JuliaStats / Statistics.jl

The Statistics stdlib that ships with Julia.
https://juliastats.org/Statistics.jl/dev/
Other
71 stars 40 forks source link

Call user function only once in `mean` #151

Open nalimilan opened 12 months ago

nalimilan commented 12 months ago

Override the standard mapreduce machinery to promote accumulator type. This avoid calling the function twice, which can be confusing.

Fixes #49 but with a more general solution than https://github.com/JuliaStats/Statistics.jl/pull/80/.

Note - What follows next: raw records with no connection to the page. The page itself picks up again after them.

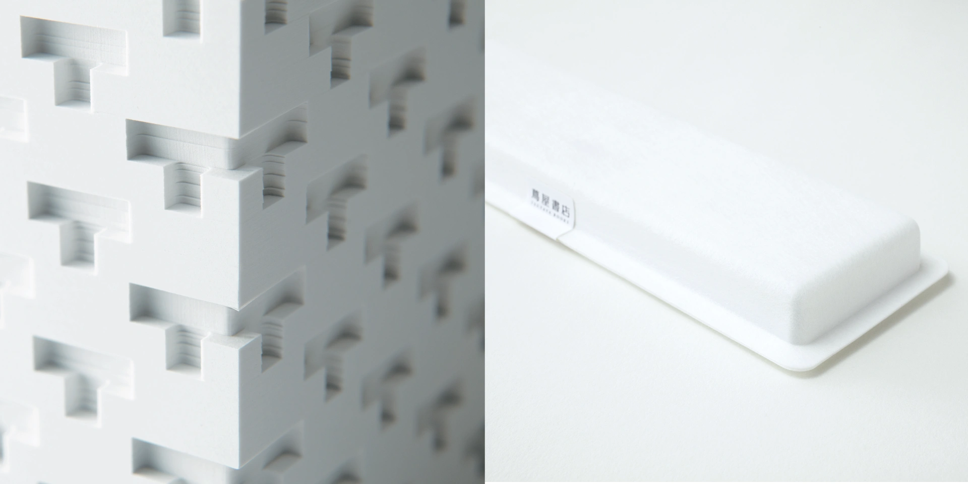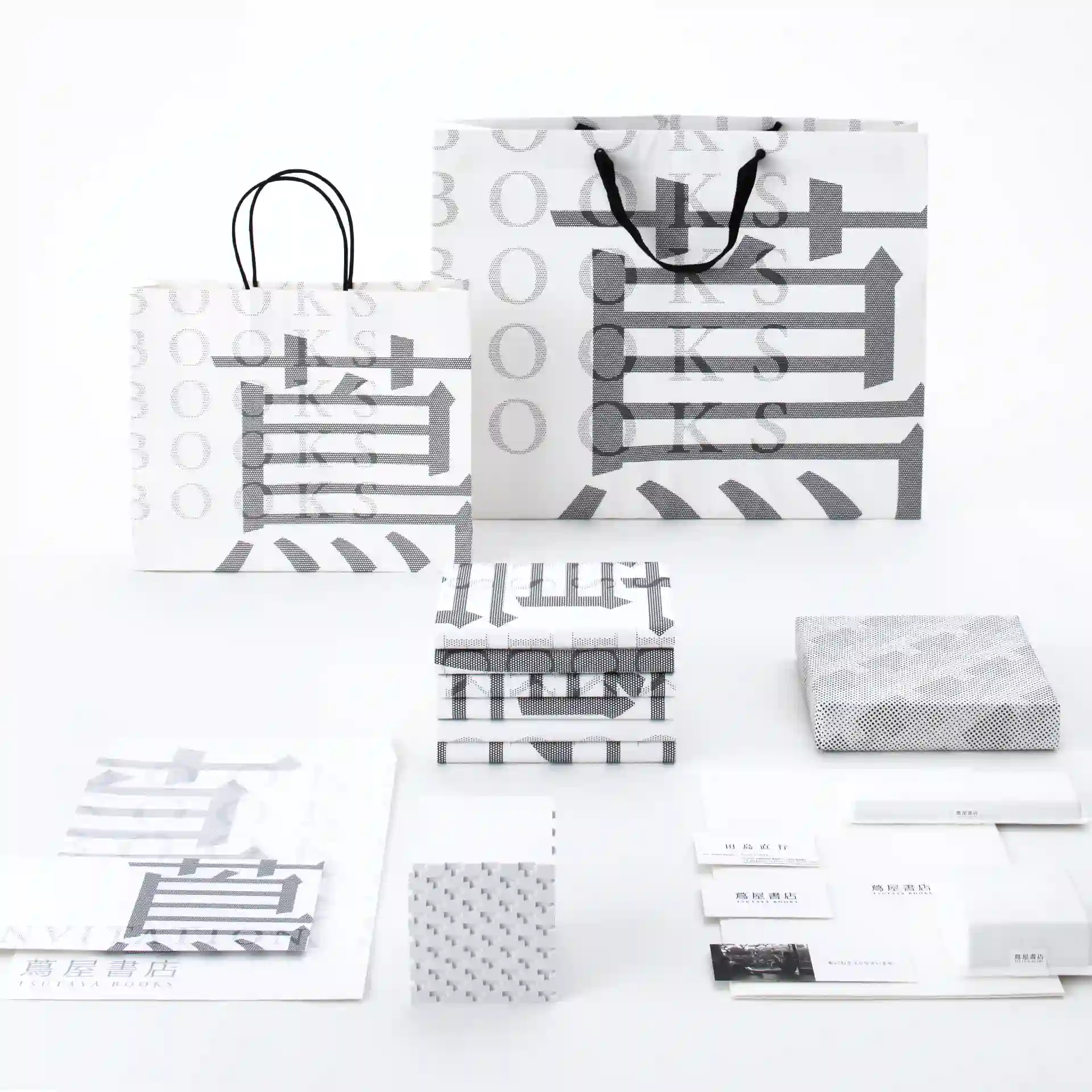 代官山 蔦屋書店に行ったらまず店内のサインを見てください。1mmの薄さのパンチングメタルの透過性が、店内の導線をつくっています。パンチング素材のドッツパターンを新規会員カードからショッパーなど、各種グラフィックツールに展開しました。主に使用しているのはアラベールの新色、ウルトラホワイト。このマットな白さが、ドットの配列をより効果的に浮き立たせています。一方、クライン・ダイサム・アーキテクツによる建築の外観は、表面に丸みをもった「T」のブロックで覆われています。オープンを記念してつくったプロダクツには、外壁の複雑な「T」のパターンをエンボスで再現したタトウをつくったり、メモブロックの表面に「T」の凹みを彫り込んだり、不織布にモールド加工を施したパッケージをつくったり…と、短期間ながら技術的な試みも随分とたくさん行いました。紙を含む素材を選び抜いたプロジェクトだったと思います。
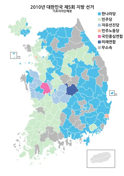 NPP PFU PPP FU PPU Ind. The 5th local elections were held in South Korea on 2 June 2010.[1] The voter turnout reached 54.4%, the highest in 15 years.[2]
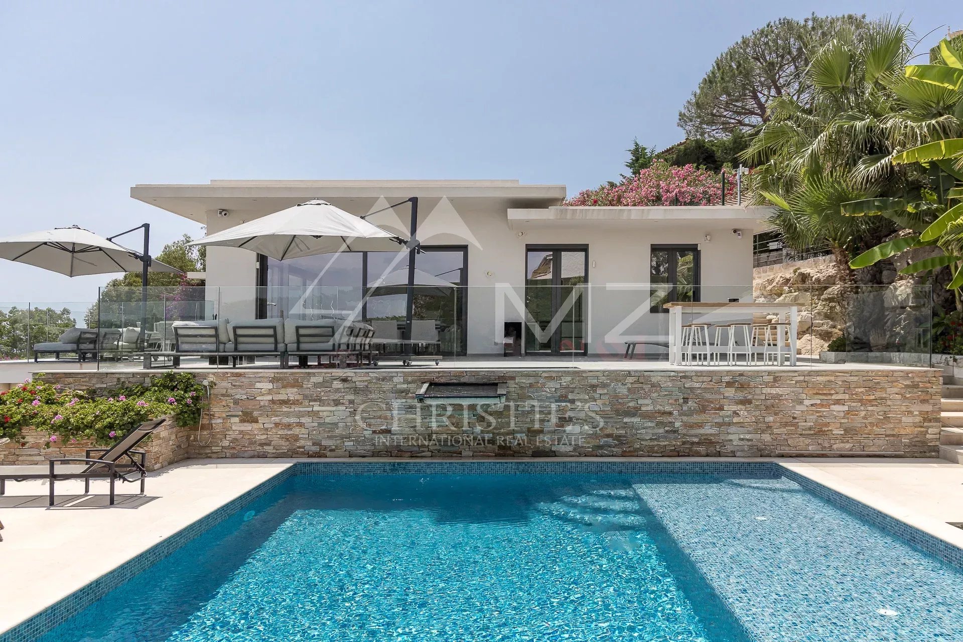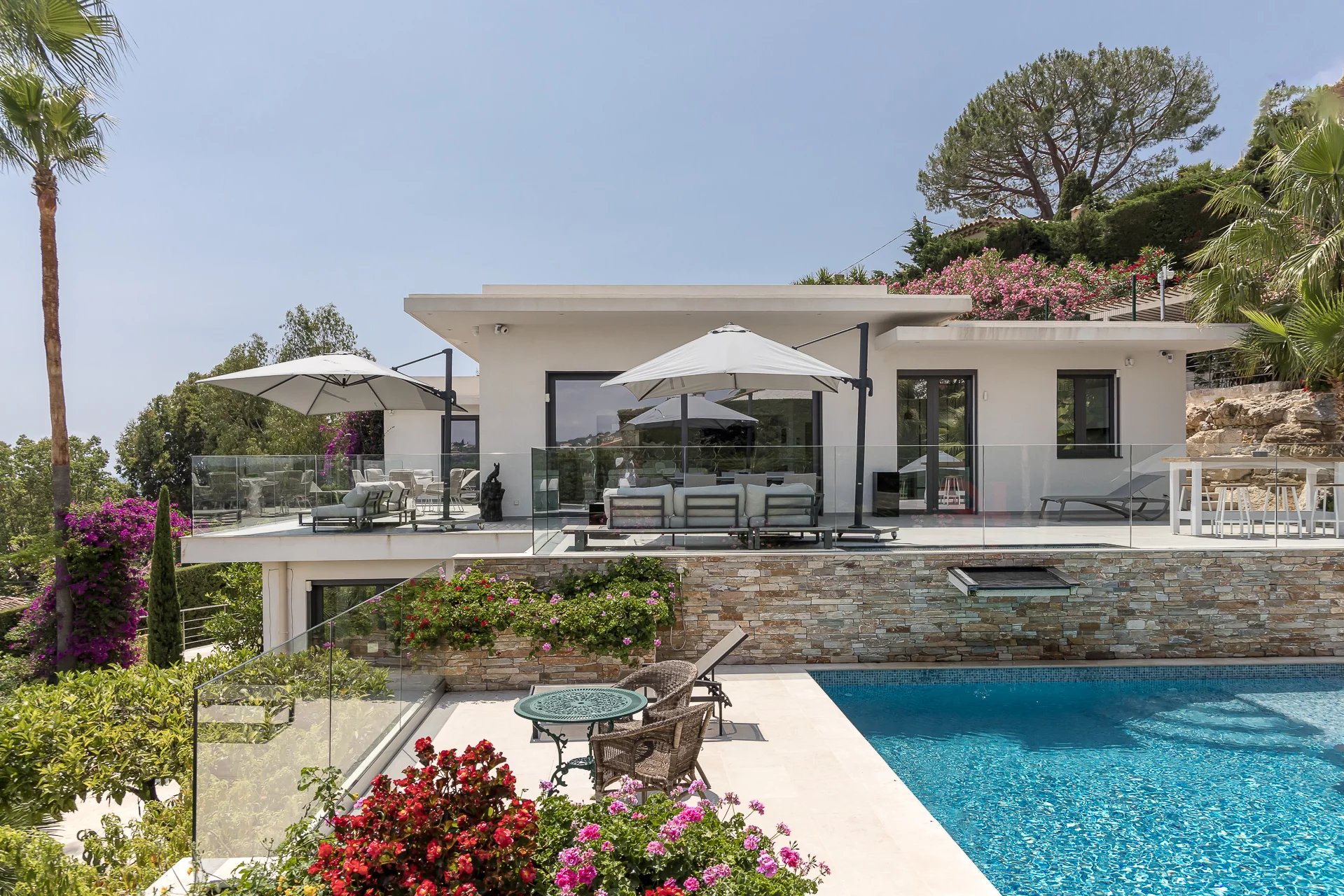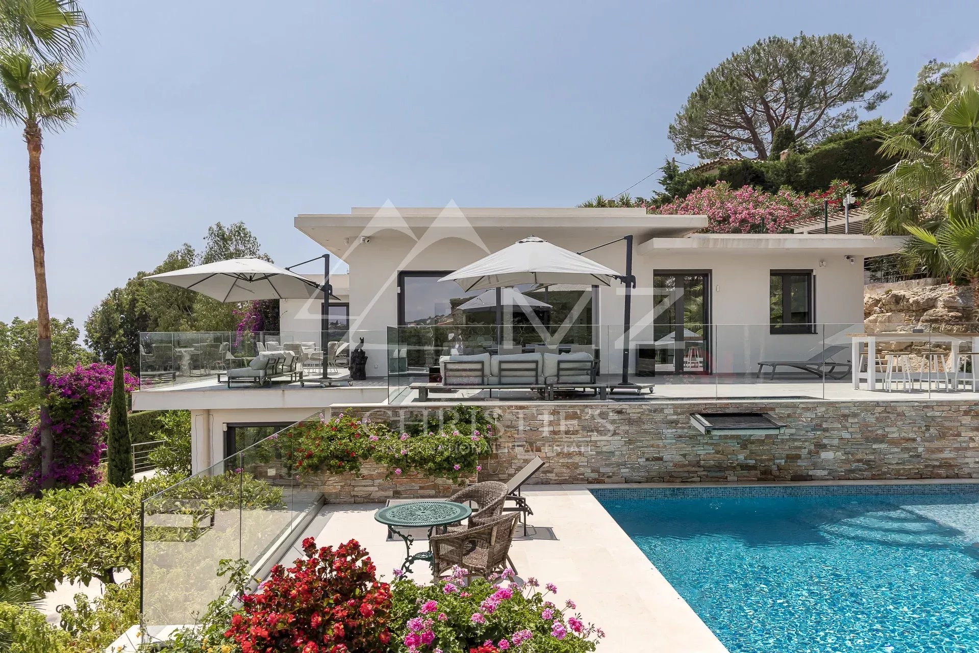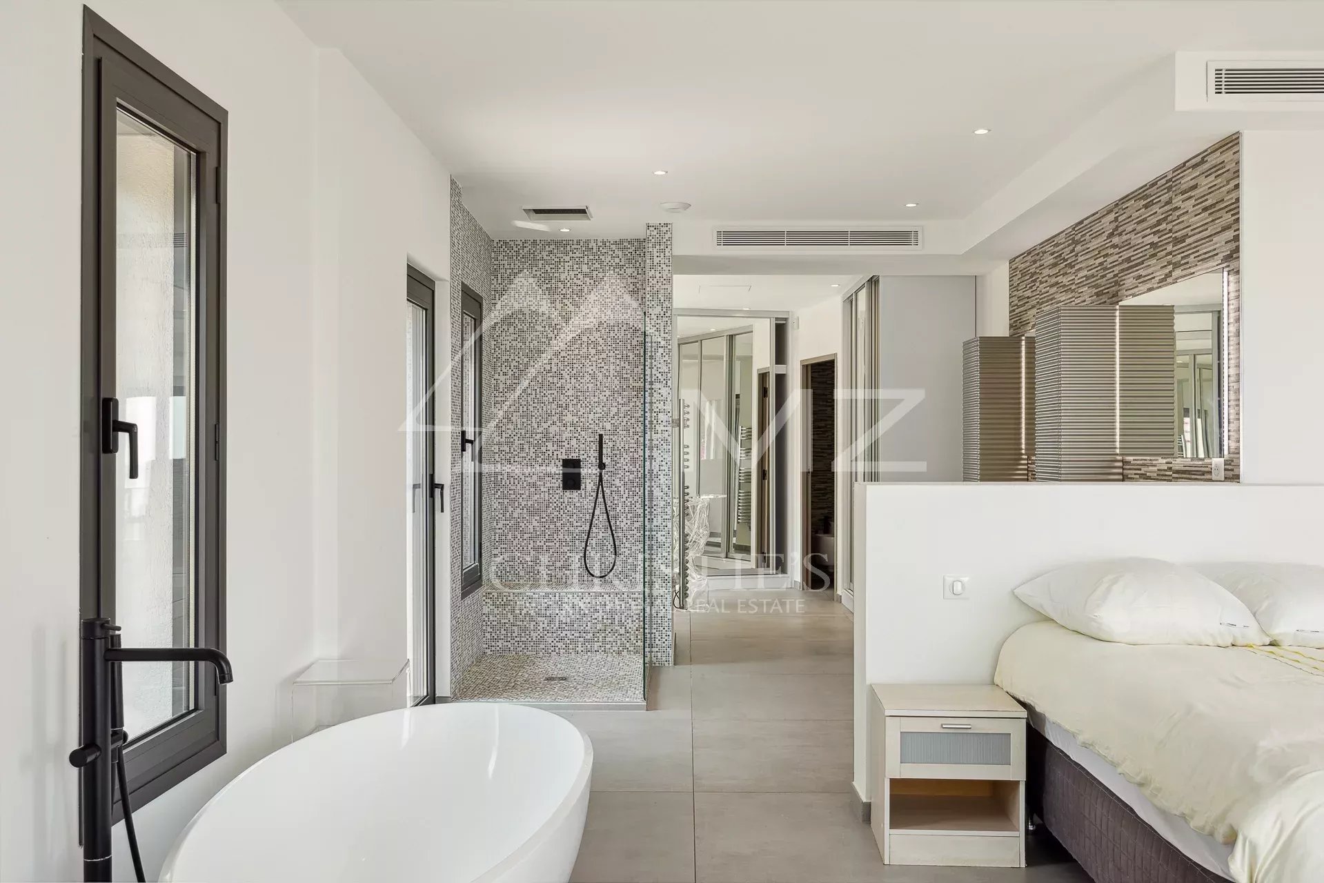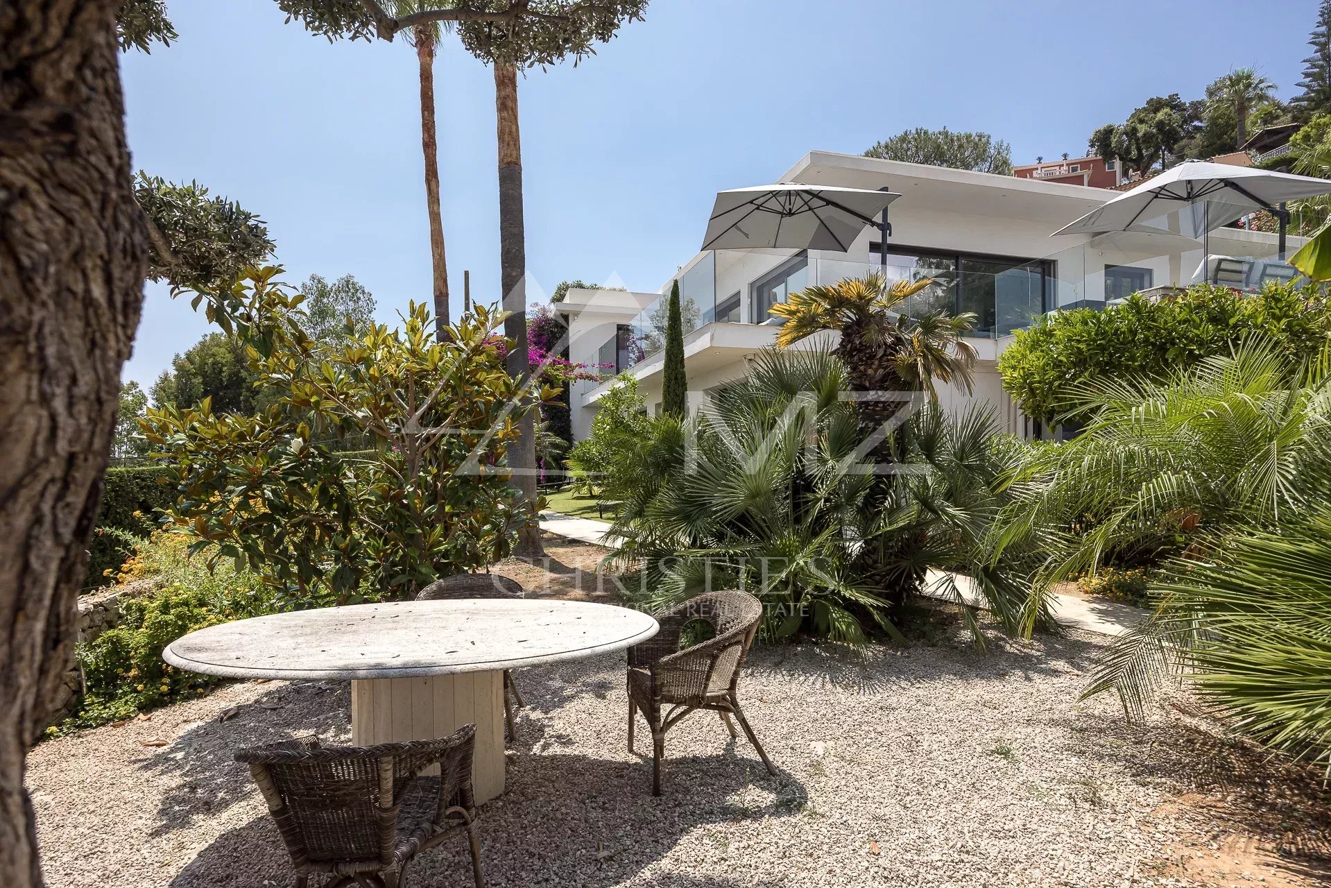 Superb modern villa in Golf-Juan of approximately 419 m², comprising: Upstairs, a living room with dining room, an equipped kitchen, a master bedroom with shower room and bath. On the ground floor, 4 en-suite bedrooms. Two studio annexes. Heated swimming pool 6x11. Land of about 1500 m². Garage.
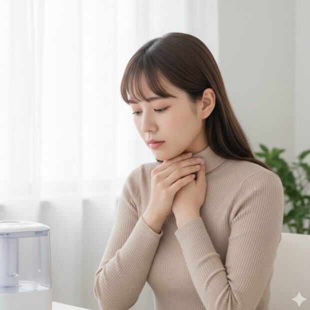 快適エアリーは常に家中の空気を循環させ、暖房時はエアコンと同様に室温を上げるため、相対湿度が極端に下がる傾向があります。宿泊体験者のレポートでは、「大型の加湿器をフル稼働させても湿度が30%台まで下がった」「朝、喉が痛くて目が覚めた」という声も少なくありません。

Cc: @stevengj @kagalenko-m-b

Unfortunately, performance drops for a Float64 vector:

julia> x = rand(100_000_000);

julia> y = ifelse.(rand(Bool, length(x)) .> .25, missing, x);

julia> z = Vector{Union{Missing, Float64, Int}}(y);

julia> z .= ifelse.(rand(Bool, length(y)) .> .25, round.(Int, x), z);

# master
julia> @btime mean(x);
  68.582 ms (1 allocation: 16 bytes)

julia> @btime mean(y);
  472.870 ms (1 allocation: 16 bytes)

julia> @btime mean(z);
  533.646 ms (3 allocations: 48 bytes)

# PR
julia> @btime mean(x);
  128.785 ms (4 allocations: 64 bytes)

julia> @btime mean(y);
  506.305 ms (1 allocation: 16 bytes)

julia> @btime mean(z);
  598.425 ms (1 allocation: 16 bytes)

This is simply due to sum being slower when init is provided as it calls mapfoldl under the hood in that case:

julia> @btime sum(x);
  68.199 ms (1 allocation: 16 bytes)

julia> @btime sum(x, init=0.0);
  124.127 ms (1 allocation: 16 bytes)
nalimilan commented 12 months ago

The new commit implements a simpler approach which is fast for concrete eltypes but super slow for complex type unions as the compiler doesn't infer an element type more precise than Any


julia> @btime mean(x);
  68.529 ms (4 allocations: 64 bytes)

julia> @btime mean(y);
  550.489 ms (0 allocations: 0 bytes)

julia> @btime mean(z);
  2.752 s (25300984 allocations: 386.06 MiB)
kagalenko-m-b commented 12 months ago

It looks like you're reimplementing undocumented Base internals, doesn't that have potential to break in future Julia versions?

nalimilan commented 12 months ago

Yes, but given that Statistics is an stdlib any breakage would be noticed in Julia even before merging it. I'm more concerned about performance issues introduced by the PR...